## Data to process
========

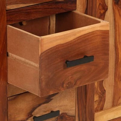 The side cabinet is made of solid Sheesham wood, which is also known as rosewood or palisander, a tropical hardwood that is famous for its natural grains and smooth texture. The three drawers and the shelves provide ample storage space for organizing your small items as well as protecting them from dust. The craftsmanship adds to the cabinet’s vintage style. Every step of the construction process is carried out with the greatest care, be it polishing, painting and lacquering.
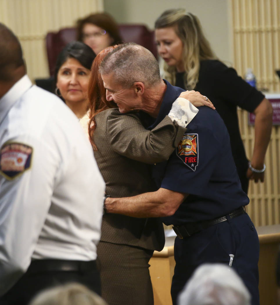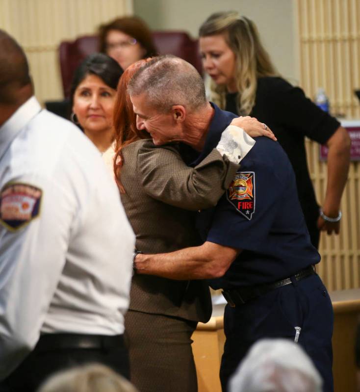 Henderson Fire Department Chief Shawn White, right, is embraced by Henderson Mayor Debra March as first responders in the Oct. 1 shooting are recognized during a Henderson City Council meeting on Tuesday, Oct. 17, 2017. Chase Stevens Las Vegas Review-Journal @csstevensphoto
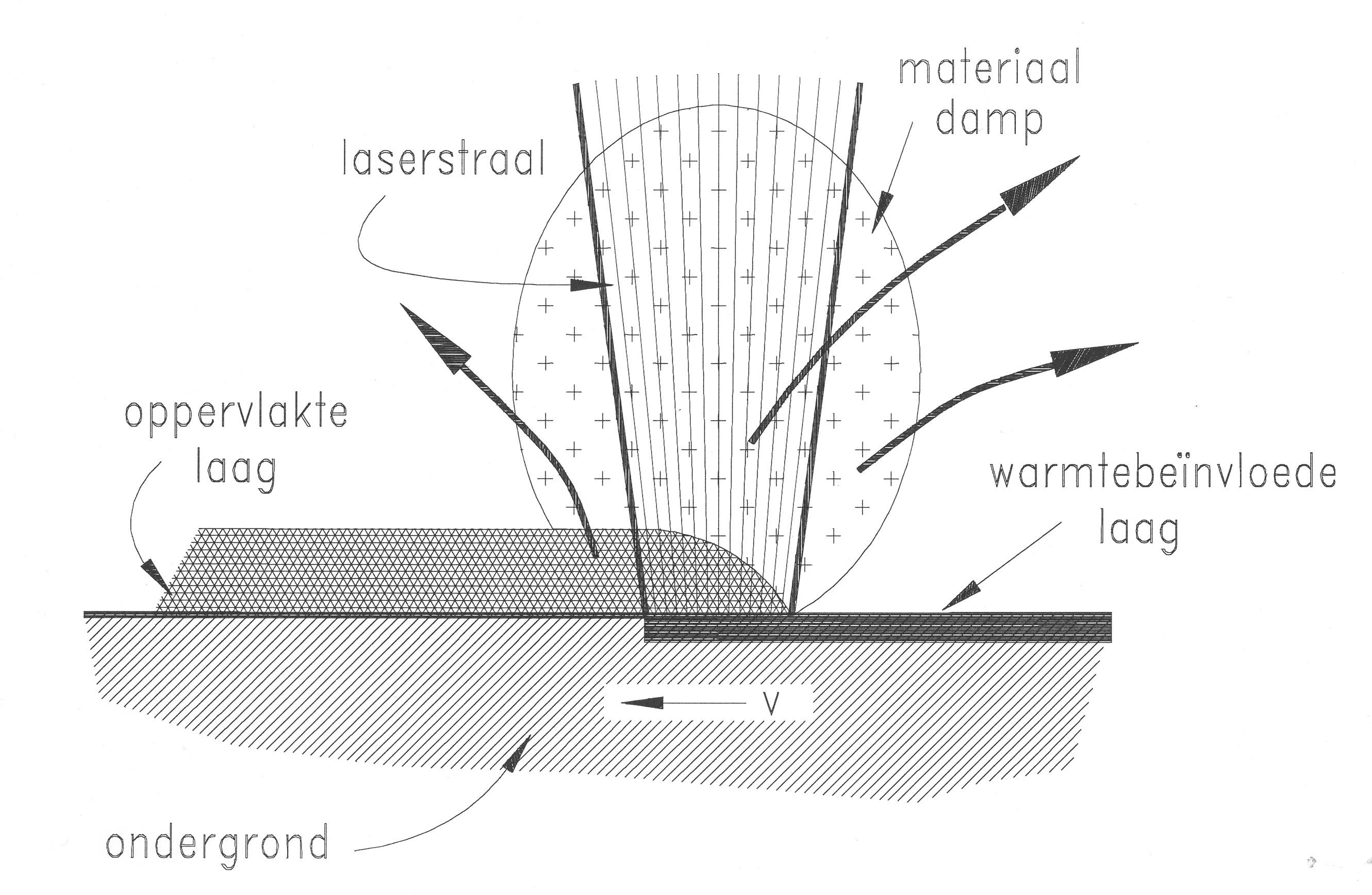 waarin het oppervlak de energie van de laser opneemt, geleidt ofwel kan
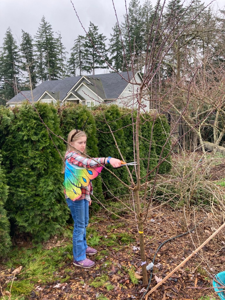 Evie is old enough to help this year, which is greatly appreciated, on days when she finishes her school in time to help. Here she is pruning our hollywood plum.
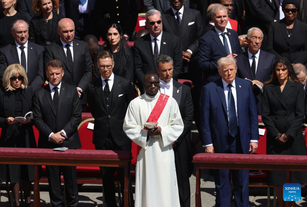 This photo taken on April 26, 2025 shows a scene during Pope Francis's funeral at St. Peter's Square in Vatican. Pope Francis, the 266th pontiff of the Roman Catholic Church, died Monday at the age of 88. (Xinhua/Li Jing)
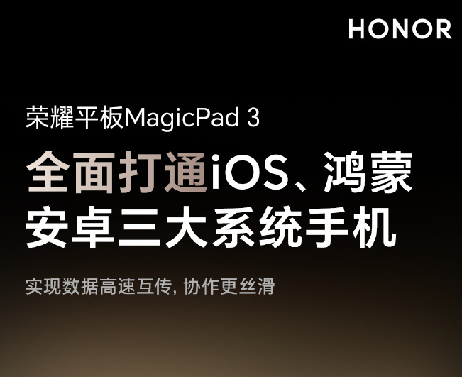 6月26日,荣耀官方发文将于7月2日发布荣耀MagicPad 3平板,并且透露该平板将首次实现iOS、鸿蒙、安卓三系统手机互联分享。

========

## About this exercise
After dropping the pictures, reproduce exactly the lines from the first line of the entries through the line containing "Henderson Fire Department", both included.

## Response for this exercise
 The side cabinet is made of solid Sheesham wood, which is also known as rosewood or palisander, a tropical hardwood that is famous for its natural grains and smooth texture. The three drawers and the shelves provide ample storage space for organizing your small items as well as protecting them from dust. The craftsmanship adds to the cabinet’s vintage style. Every step of the construction process is carried out with the greatest care, be it polishing, painting and lacquering.
 Henderson Fire Department Chief Shawn White, right, is embraced by Henderson Mayor Debra March as first responders in the Oct. 1 shooting are recognized during a Henderson City Council meeting on Tuesday, Oct. 17, 2017. Chase Stevens Las Vegas Review-Journal @csstevensphoto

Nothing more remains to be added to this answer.